Data extract:
-*-*-
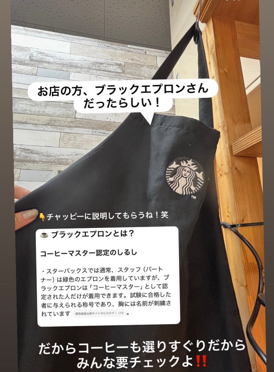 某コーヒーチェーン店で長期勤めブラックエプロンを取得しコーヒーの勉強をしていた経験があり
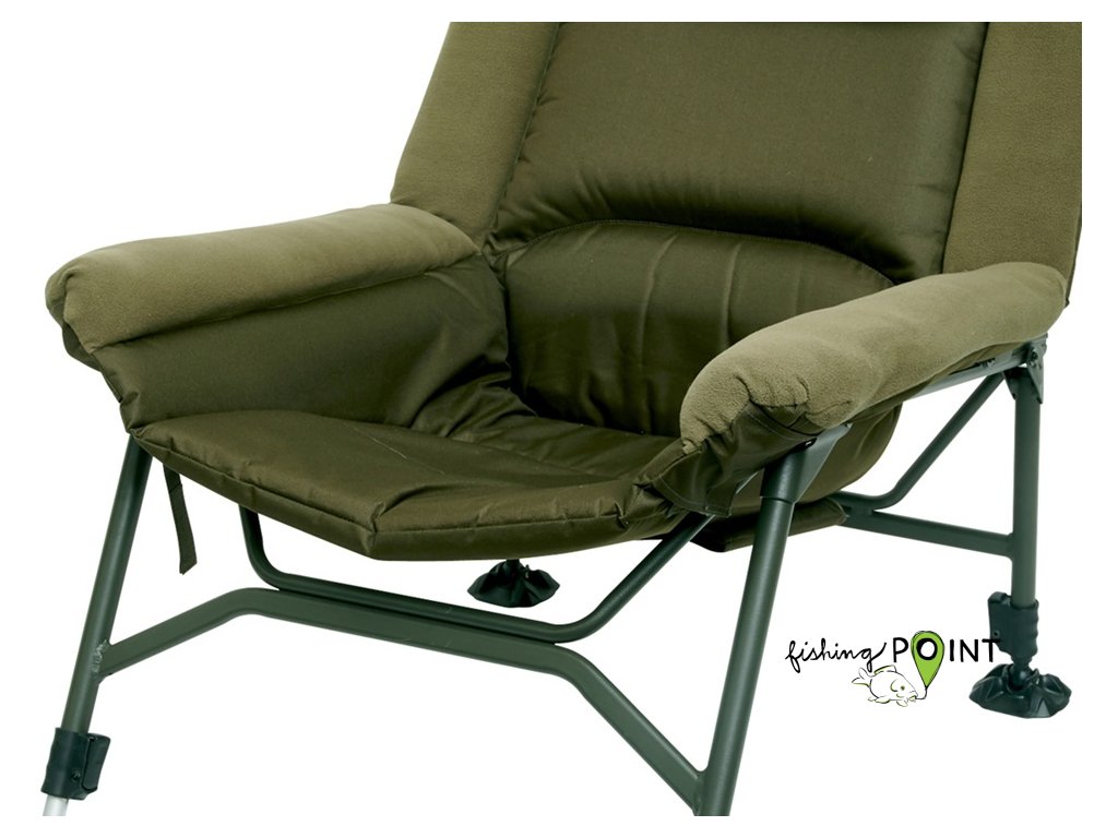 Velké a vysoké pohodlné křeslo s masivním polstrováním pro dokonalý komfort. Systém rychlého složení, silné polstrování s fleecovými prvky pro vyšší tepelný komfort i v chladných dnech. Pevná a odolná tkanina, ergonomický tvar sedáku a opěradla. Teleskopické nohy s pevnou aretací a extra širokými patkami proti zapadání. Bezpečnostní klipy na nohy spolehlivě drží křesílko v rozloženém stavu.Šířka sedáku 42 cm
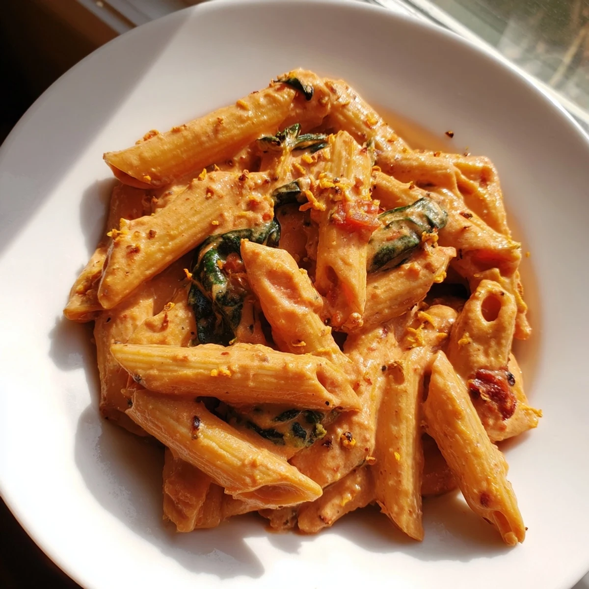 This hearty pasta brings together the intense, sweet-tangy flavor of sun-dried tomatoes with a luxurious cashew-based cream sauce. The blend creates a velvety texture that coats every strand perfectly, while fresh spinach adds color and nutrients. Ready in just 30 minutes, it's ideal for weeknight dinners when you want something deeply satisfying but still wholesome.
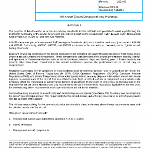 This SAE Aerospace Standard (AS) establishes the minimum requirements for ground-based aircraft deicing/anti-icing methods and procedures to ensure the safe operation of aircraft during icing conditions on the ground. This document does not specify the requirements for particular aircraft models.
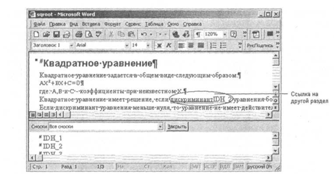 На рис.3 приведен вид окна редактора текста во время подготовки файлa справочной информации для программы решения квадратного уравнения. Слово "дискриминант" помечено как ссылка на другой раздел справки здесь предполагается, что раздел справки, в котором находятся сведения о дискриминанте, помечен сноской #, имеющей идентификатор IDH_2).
-*-*-
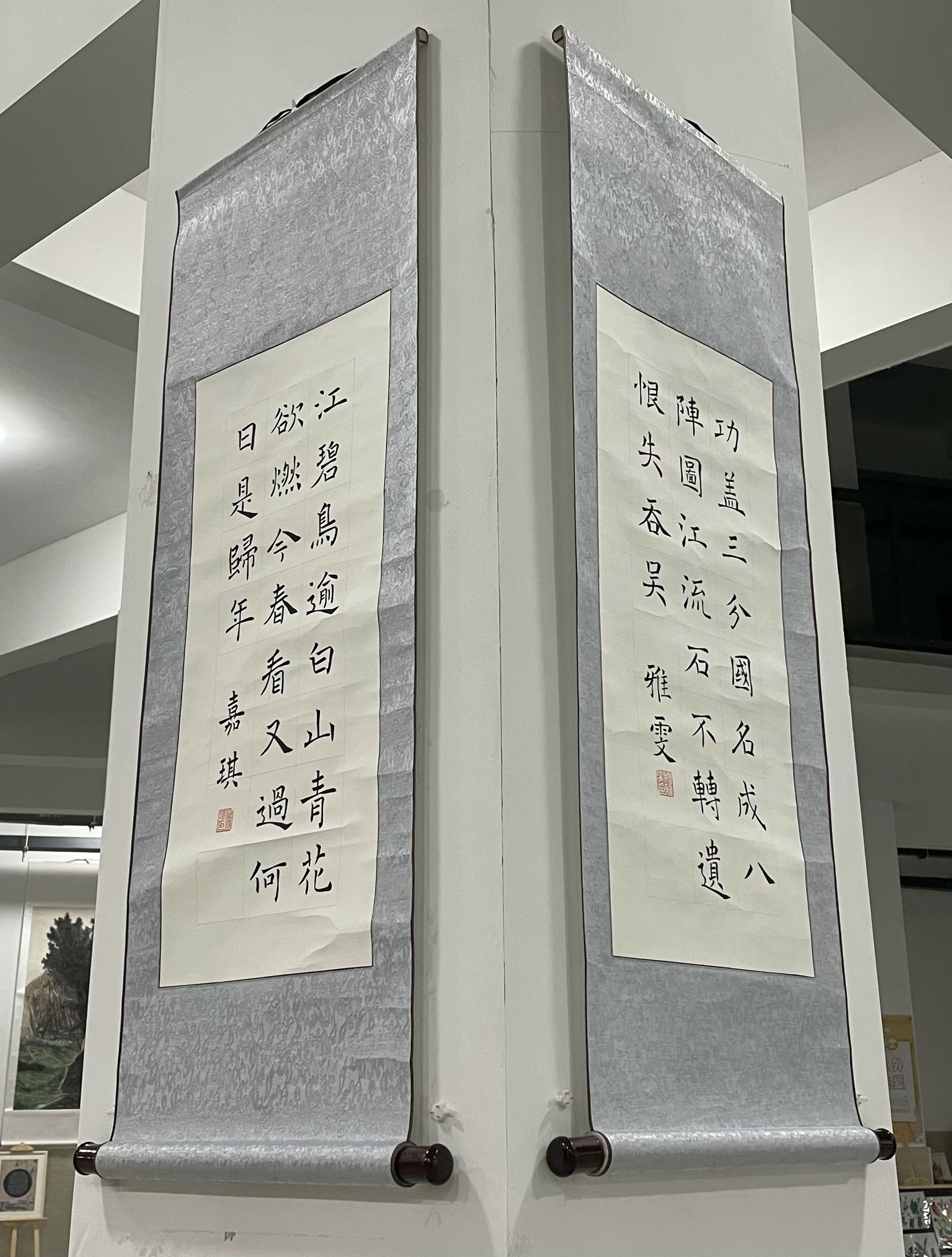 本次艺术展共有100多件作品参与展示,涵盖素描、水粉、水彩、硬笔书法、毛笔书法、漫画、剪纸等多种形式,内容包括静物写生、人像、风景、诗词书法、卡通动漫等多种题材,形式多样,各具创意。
-*-*-
What the task asks:
Starting with the line that contains "某コーヒーチェーン店で長期勤" and finishing with the line that contains "This SAE Aerospace", reproduce every line of the material above exactly, but not the pictures.

Output for this exercise:
 某コーヒーチェーン店で長期勤めブラックエプロンを取得しコーヒーの勉強をしていた経験があり
 Velké a vysoké pohodlné křeslo s masivním polstrováním pro dokonalý komfort. Systém rychlého složení, silné polstrování s fleecovými prvky pro vyšší tepelný komfort i v chladných dnech. Pevná a odolná tkanina, ergonomický tvar sedáku a opěradla. Teleskopické nohy s pevnou aretací a extra širokými patkami proti zapadání. Bezpečnostní klipy na nohy spolehlivě drží křesílko v rozloženém stavu.Šířka sedáku 42 cm
 This hearty pasta brings together the intense, sweet-tangy flavor of sun-dried tomatoes with a luxurious cashew-based cream sauce. The blend creates a velvety texture that coats every strand perfectly, while fresh spinach adds color and nutrients. Ready in just 30 minutes, it's ideal for weeknight dinners when you want something deeply satisfying but still wholesome.
 This SAE Aerospace Standard (AS) establishes the minimum requirements for ground-based aircraft deicing/anti-icing methods and procedures to ensure the safe operation of aircraft during icing conditions on the ground. This document does not specify the requirements for particular aircraft models.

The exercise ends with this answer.